Some of the planning issues will be solved if change review boards are created. However, each component and the CCSM as a whole should regularly outline some long term goals; what individual models are going to accomplish in time; when code is going to be frozen; how much time is going to be set aside for testing, porting, validation, tuning, and documentation; and when new code is going to be released. The goals need to be realistic and the planning documents should include schedules, milestone targets, and priorities. In addition, longer term planning to prioritize issues like model performance, base code rewrites, infrastructure support, and vectorization optimization is required.
CCSM software engineering strategic planning does occur now to some degree. There is a ``CCSM Software Engineering Plan 2000-2005'' that was prepared largely by the software engineering working group that addresses many strategic planning issues. This document needs to be reviewed and revised regularly. In addition, the role that a computer scientist could play in the overall strategic planning should be investigated.

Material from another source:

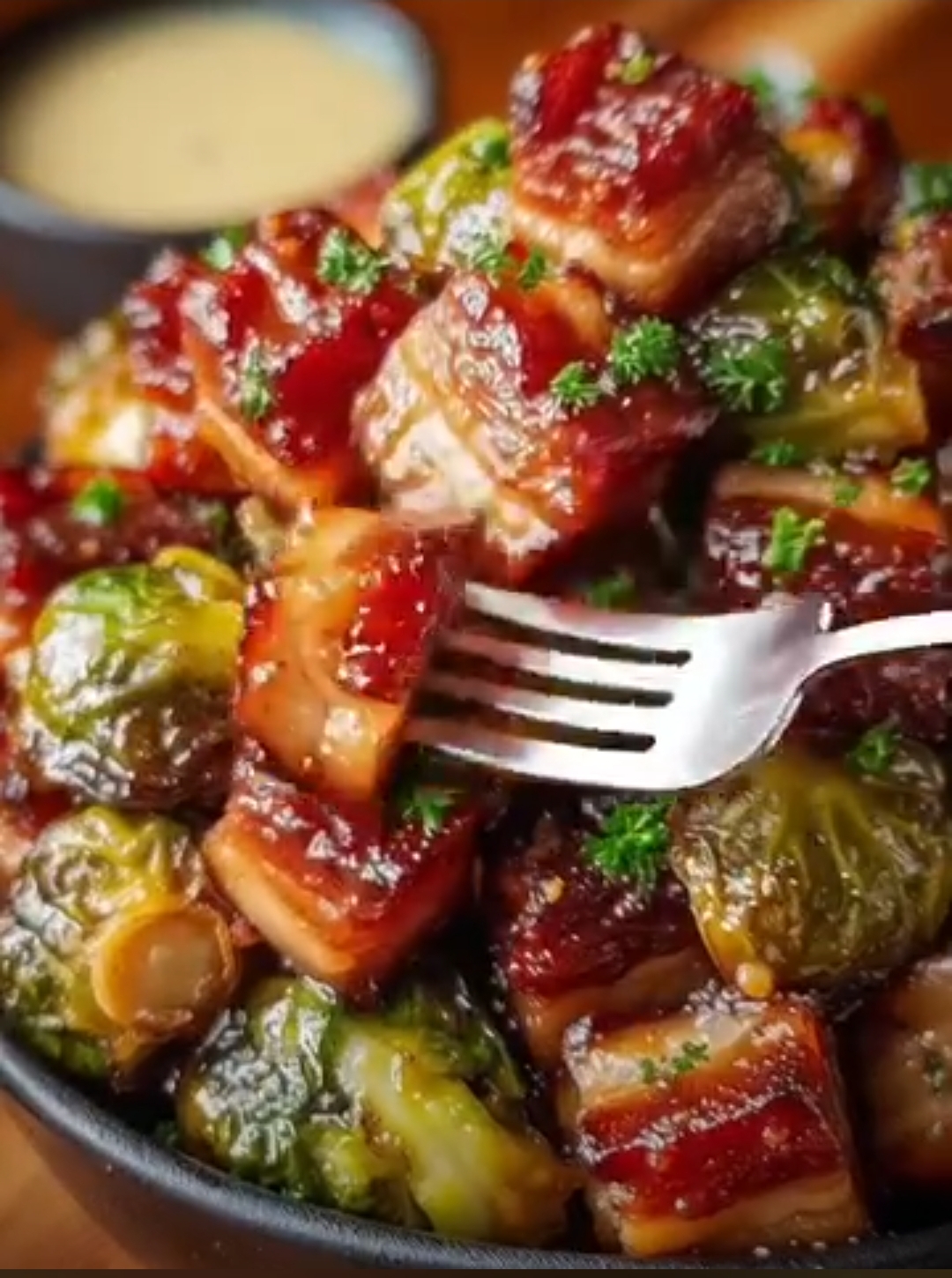 Crispy Brussels Sprouts with Maple Glazed Pork Belly 🥓🥬🍁

In order to improve our ability to plan changes and estimate schedules, regular reviews of progress should occur. Does CCSM meet short term goals on schedule? Are long term goals met? How poor are the scheduling estimates, and are there particular issues that come up regularly that cause delays? Reviews should become a standard part of CCSM software engineering process. In December, 2001 the past 18 months of CCSM2 development should be reviewed to understand what went well and what went poorly to improve future expectations, process, and scheduling.
Many of these recommendations require a stronger management structure. There needs to be agreement within the community that these policies will be used and enforced. The CCSM scientific coordinator and the SSC need to be on-board, and they need to make sure processes and policy are understood. There also needs to be a oversight process where individuals can be disciplined if they violate policy. The goal is to better control quality and improve productivity, while still allowing individuals to carry out independent, creative scientific and software development.
There are a number of other issues that are worth bringing up as a part of this discusssion.
A code review policy should be implemented. All component code changes should be reviewed before merging onto the main trunk and/or before release to CCSM. Another final review is probably required of CCSM code that is to be formally released to the public.
Model output control and access needs to be better defined. A policy should be put in place with regards to data storage, naming conventions, data locality, data compression, and access. A separate data management group should be formed to deal with this issue immediately, and it should include members from the CCSM community, especially the applications groups Climate Change and Paleoclimate. Along the same lines, standard analysis plots need to be better defined and available, and questions regarding analysis and plotting tools needs to be addressed.